Mrowka agreed, emphasizing the importance of teaching students to think critically and interpret current events. He said he and his colleagues at the AFT are providing support for teachers and students to tell today’s stories in their own words.

The panelists discussed how values are one of the most crucial lenses through which people interpret facts. To reach bigger audiences, Mrowka said, the media will need what he called “entry points”—because people want to receive information from trusted sources, people who share the same values.

According to Attiah and vanden Heuvel, both the Post and the Nation value staff diversity and encourage a range of perspectives. Opinions, furthermore, are clearly labeled, and facts are the heart and foundation of all publications.
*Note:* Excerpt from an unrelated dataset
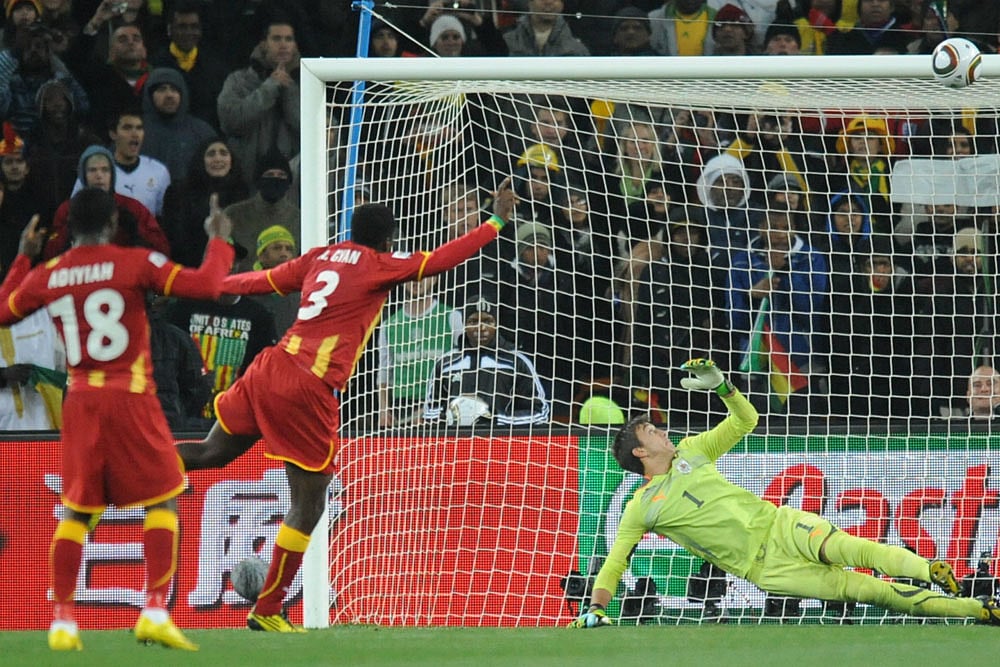 In the match, towards the end of extra time at the 120th-minute, with the scoreline stuck at 1-1, Luis Suarez was sent off for a goalline handball clearance, leading to a spot-kick for Ghana. The handball prevented Dominic Adiyiah from scoring the winner for the African nation. In came Gyan, his country's talisman to take the penalty. The former Sunderland man's penalty went straight towards the crossbar, out of Fernando Muslera's reach. Having missed the penalty, Gyan did convert his spot-kick in the shootout, but the South American side edged past 4-2 on penalties.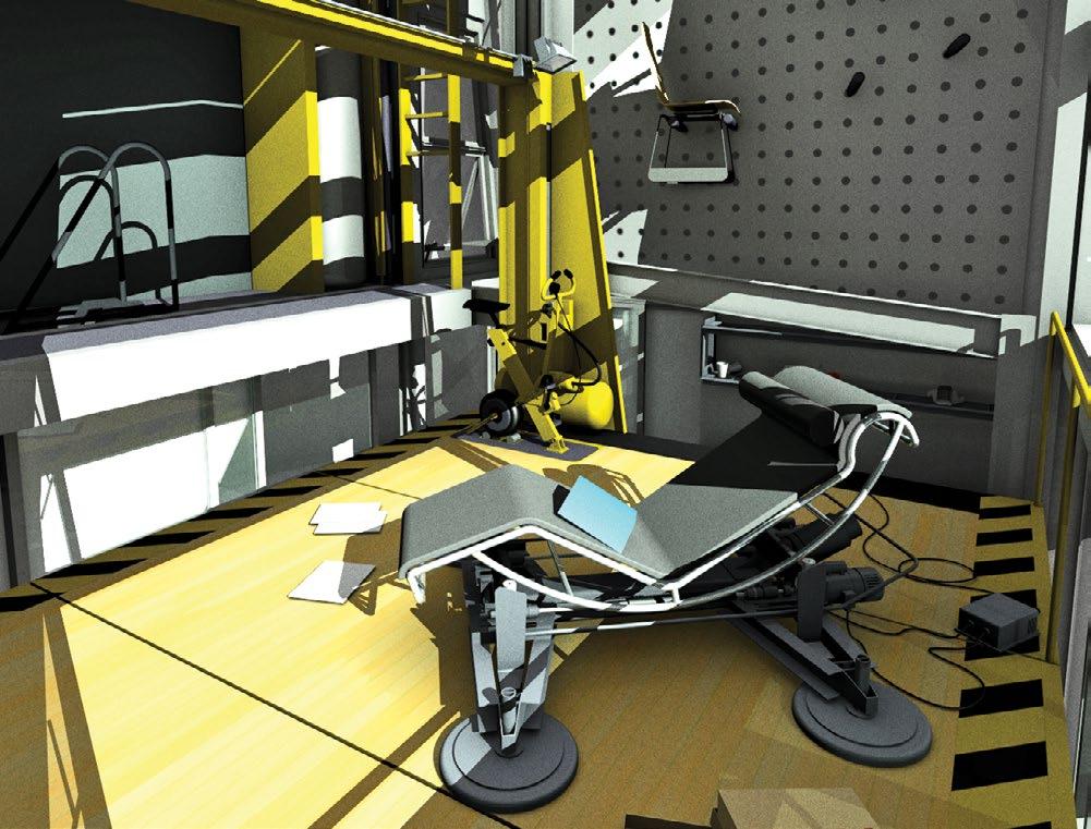 Also prominently visible on the exterior, the elevator is counterbalanced using a water storage tank, “pumped” via the fixed stationary exercise bike mounted to the corner of the platform. The foreground features Instrumental Form’s soupedup Chaise Lounge LC4 chair.

But they said that additional perspectives and voices are not only welcomed, but needed.

A final theme of the discussion was the importance of quality media coverage at the local level.

Attiah warned that the disintegration of local news outlets over recent years has reduced the ability of people to expose stories in their own communities, and shifts power to large media conglomerates.

Overall, the panelists called for deeper connections between American citizens and the media to better bring out stories reflecting the true diversity of experience in the United States.